MARLENE KUNTZ, Il vile (Consorzio Produttori Indipendenti, 1996)

“Il vile” è un album difficile. Difficile sia per chi lo ascolta, sia per chi lo ha composto. Non doveva essere facile l’approccio con nuovi brani dopo il successo di “Catartica”. Ma il gruppo capitanato da Cristiano Godano, con un nuovo bassista – Dan Solo, di estrazione metal – non teme confronti e parte a raffica, buttandosi a testa bassa in una “mischia gaia di vipere”.

Al centro delle canzoni dei Marlene c’è sempre la figura di Godano, autore di tutti i testi, che passa dalla rabbia di “Retrattile” (“probabilmente meritavo di più”) al mesto ricordo di un incidente stradale nella bellissima “L’agguato”. Le chitarre come al solito sono distorte, mescolate fra loro, quasi ad inseguirsi in riff sempre efficaci e complessi, adornati da un basso potente e continuo e da una batteria originale e spiazzante.

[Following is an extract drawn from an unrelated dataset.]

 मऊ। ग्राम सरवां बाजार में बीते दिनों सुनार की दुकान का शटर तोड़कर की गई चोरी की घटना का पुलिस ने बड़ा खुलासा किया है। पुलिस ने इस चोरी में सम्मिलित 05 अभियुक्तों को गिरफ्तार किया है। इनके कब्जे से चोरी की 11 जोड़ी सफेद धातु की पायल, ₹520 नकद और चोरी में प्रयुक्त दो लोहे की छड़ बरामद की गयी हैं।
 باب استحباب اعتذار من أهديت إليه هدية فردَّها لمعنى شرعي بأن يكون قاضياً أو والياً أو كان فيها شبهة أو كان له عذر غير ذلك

E se nei brani più duri si evince l’asprezza della lingua di Godano – come in “Cenere” e “Overflash” – sono le canzoni d’amore a rilanciare altissimo il nome della band. “Come stavamo ieri”, “L’esangue Deborah” e “Ti giro intorno” sono figlie più che degne dell’ormai storica “Nuotando nell’aria”, anche se il punto più alto dell’intero album è la frastagliata “Ape regina”. Sempre pronta a passare dalla dolcezza alla rabbia, la voce di Godano raggiunge qui i suoi picchi, mentre il contorno sonoro è straordinariamente aderente alla filosofia del gruppo, e il ritornello irrompe improvvisamente a spiazzarci, dolce nella sua straziante atrocità (“posso fare fuori parti di voi con facilità, la mostruosità di ciò ravviva la parte cattiva che non ho avuto mai”) e alla fine Godano si svela: nasconderà con dolcezza il vuoto che è intorno, e che altri non è se non il ricordo.

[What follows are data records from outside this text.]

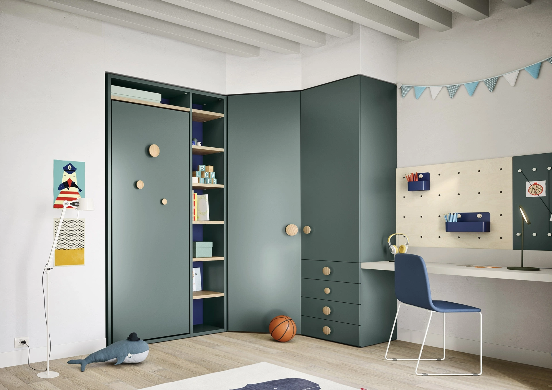 Porta contenuto estetico e cromie vivaci nella stanza dedicata ai più giovani con questa soluzione, una tra le Camerette salvaspazio per bambini di Nidi. Nidi propone un ricco catalogo di accessori da comporre su misura: troverai letto, guardaroba, tavolo da lavoro, sedie e librerie. Nell'arredamento della stanza dei giovani affidati a noi: nel nostro showroom presentiamo tutte le più esclusive composizioni arredative moderne per la loro camera. Questa soluzione in melaminico ultima ottimamente le doti di praticità e l'estetica della camaretta, poiché è capace di coniugare funzionalità ed ergonomia.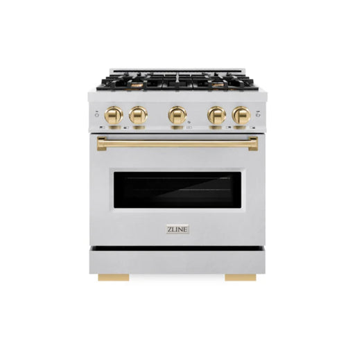 View full detailsZLINE Autograph Edition Classic Gas Range with Convection Gas Oven in Satin Stainless Steel and Polished Gold Accents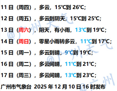 广州市气象台预计,12月11日—12日广州天气总体平稳,以多云为主,局部有零星小雨,最低气温15℃左右,最高气温25~26℃。12月13日起受中等偏强冷空气和南支槽影响,广州小雨转多云,最高气温下降至17℃左右,最低气温下降至9℃左右,陆地阵风加大至6~7级,港区和高地阵风7~9级。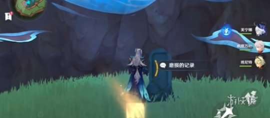 2、请与前方山坡上的中间石碑对话。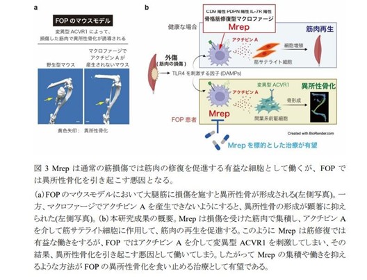 進行性骨化性線維異形成症(指定難病272、FOP)は日常の些細な外傷などが引き金となり全身の骨化を進行させる極めて重篤な疾患であり、現在根本的な治療法は確立されていません。進行性骨化性線維異形成症(FOP)のマウスモデルを用いた実験では、外傷をきっかけに集まったMrepが作り出すアクチビンAが、異常な骨を作る指令を出してしまうことが確認されました。通常は筋肉を治す味方である細胞が、病的な環境下では異所性骨化を誘導する悪玉細胞として働いてしまうことが突き止められました。

Un innesto quasi punk con “E non cessa di girare la mia testa in mezzo al mare” e poi via alla distorsione, al marchio di fabbrica, via al “Vile”: «onorate il vile!», sì, onoratelo, perché altri non è se non «ordito, trama stoffa e seta». Musica tessuta coma una trama, ora distorta ora morbida come seta, i cui fili però provengono da altre nobili matasse. Perché ancora rimangono stralci di Sonic Youth, di CSI, di Butthole Surfers, di Einsturzende Neubauten, ma ora i Marlene Kuntz sono più consapevoli, ora sono loro a dover essere imitati.